== Segment start ==
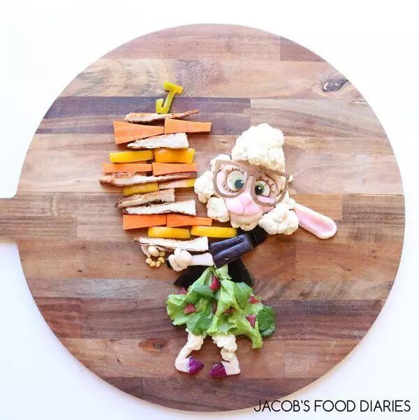 ▲《疯狂动物城》中的狐狸尼克:羊腿配甜土豆泥、菠菜、甜菜、无花果以及全麦卷。
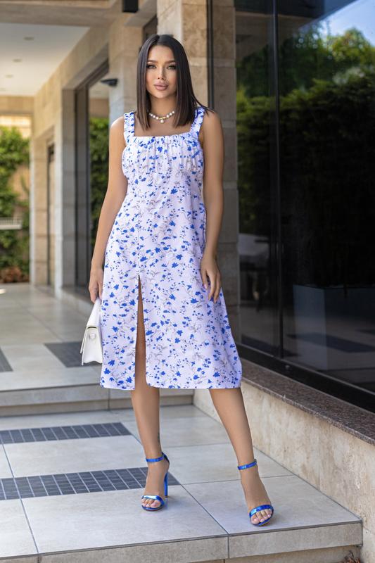 Представляем вам нашу волшебную летнюю новинку - платье миди с разрезом. Это платье выгодно подчеркивает женственность форм, а цветочный принт ткани добавляет образу нежности и романтики
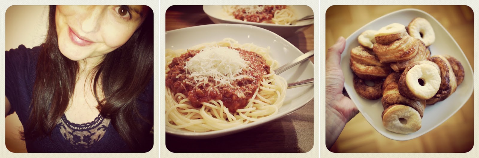 1. Blue dress with lace insert. 2. Spaghetti with bolognese sauce. 3. Failed at making cronuts.
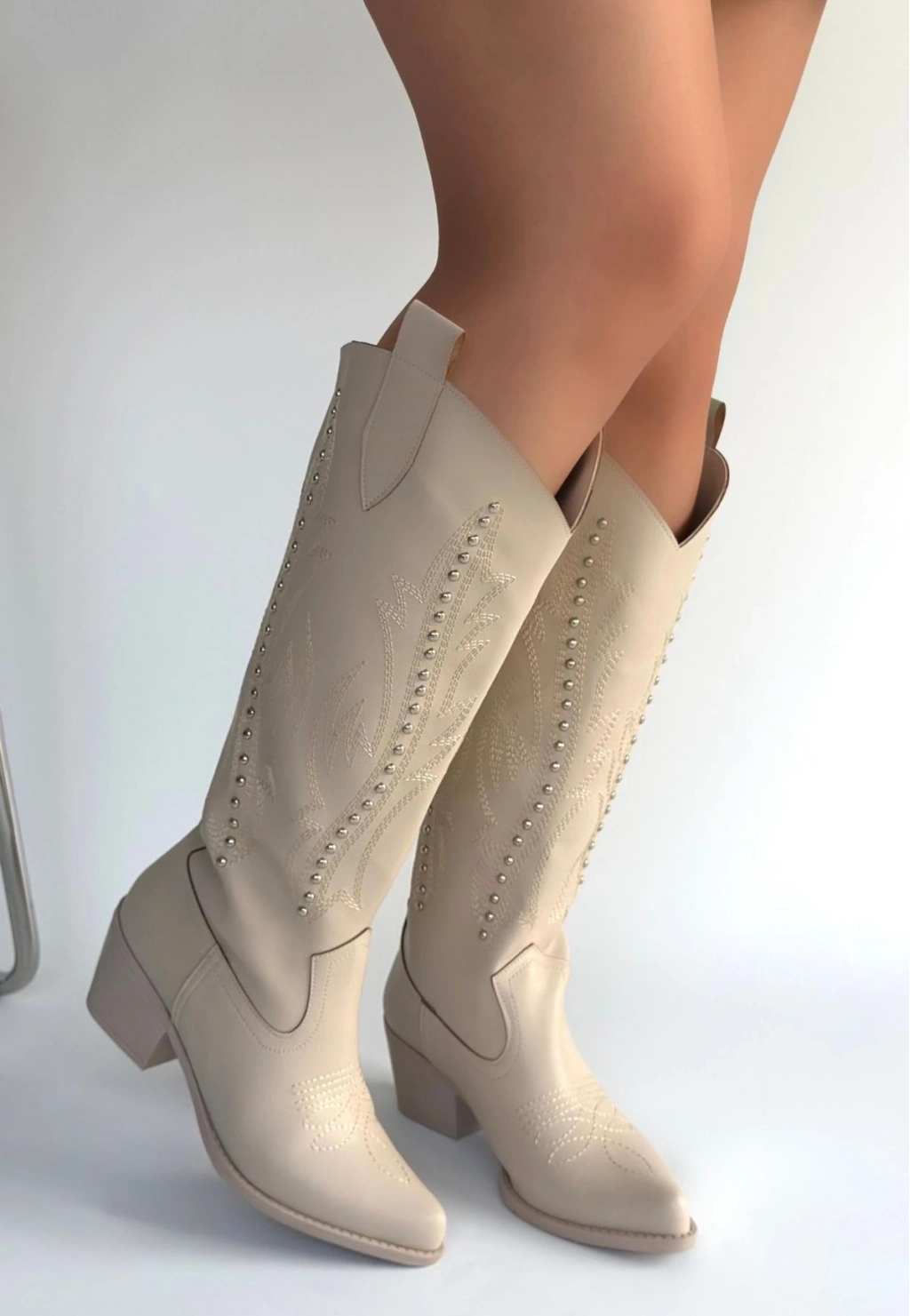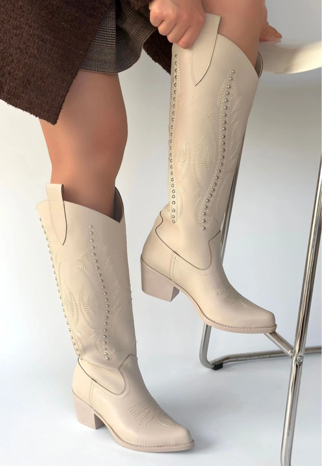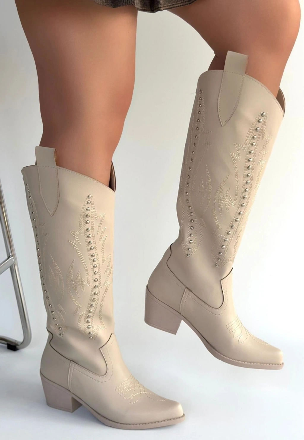 • Meof Bej Cilt Topuklu Çizme
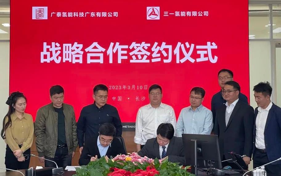 廣泰氫能創(chuàng)始人徐建中、三一氫能總經(jīng)理饒洪宇等參加了簽約儀式。
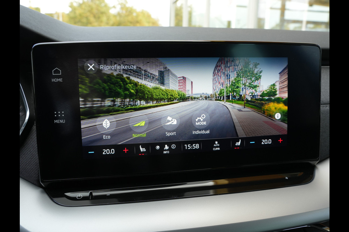 Stel de interface voor uw cockpit naar wens in met het digitale dashboard van deze auto. Adaptive cruise control is veilig en comfortabel. De snelheidsregelaar houdt automatisch afstand tot het voertuig dat voor u rijdt. Connected Services zorgen ervoor dat de belangrijkste functies en data van de auto altijd en overal te checken zijn. Gewoon via de app op de smartphone. Het full map navigatiesysteem en het audiosysteem (met DAB-ontvangst!) bedient u met knoppen op het stuur of met gesproken commando's. Ook handig is de draadloze telefoonlader. Zonder snoeren en kabels uw smartphone bijtanken! Met WIFI-hotspot, automatische airconditioning, parkeersensoren voor en achter, regensensor, keyless entry en automatisch dimmende binnenspiegel is deze ŠKODA helemaal compleet.
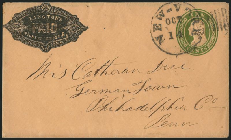 1174 c ImageLangton's Pioneer Express. Ornate printed frank (Haller FL3, Ty. 4) on 10c Green Nesbitt entire (U18) to Germantown Pa., carried by express outside the mails to New York and posted there, entered mails with "New-York Oct. 14" circular datestamp and grid cancel, Very Fine and scarce combination of express and regular mails (Image)
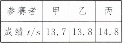 10. 体育课上,甲、乙、丙三位同学进行百米赛跑,他们的成绩如表所示,则获得第一名的是
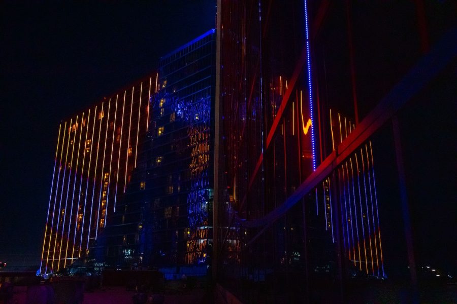 A instalação cobre as duas torres do icônico resort com mais de 350 mil pixels controlados pelo sistema Ai da Avolites.
== Segment end ==
About this task →
What you give back must be exactly the lines of the listing above from the line containing "廣泰氫能創(chuàng)始" through its last line, inclusive, without pictures, please.

Response to the task →
 廣泰氫能創(chuàng)始人徐建中、三一氫能總經(jīng)理饒洪宇等參加了簽約儀式。
 Stel de interface voor uw cockpit naar wens in met het digitale dashboard van deze auto. Adaptive cruise control is veilig en comfortabel. De snelheidsregelaar houdt automatisch afstand tot het voertuig dat voor u rijdt. Connected Services zorgen ervoor dat de belangrijkste functies en data van de auto altijd en overal te checken zijn. Gewoon via de app op de smartphone. Het full map navigatiesysteem en het audiosysteem (met DAB-ontvangst!) bedient u met knoppen op het stuur of met gesproken commando's. Ook handig is de draadloze telefoonlader. Zonder snoeren en kabels uw smartphone bijtanken! Met WIFI-hotspot, automatische airconditioning, parkeersensoren voor en achter, regensensor, keyless entry en automatisch dimmende binnenspiegel is deze ŠKODA helemaal compleet.
 1174 c ImageLangton's Pioneer Express. Ornate printed frank (Haller FL3, Ty. 4) on 10c Green Nesbitt entire (U18) to Germantown Pa., carried by express outside the mails to New York and posted there, entered mails with "New-York Oct. 14" circular datestamp and grid cancel, Very Fine and scarce combination of express and regular mails (Image)
 10. 体育课上,甲、乙、丙三位同学进行百米赛跑,他们的成绩如表所示,则获得第一名的是
 A instalação cobre as duas torres do icônico resort com mais de 350 mil pixels controlados pelo sistema Ai da Avolites.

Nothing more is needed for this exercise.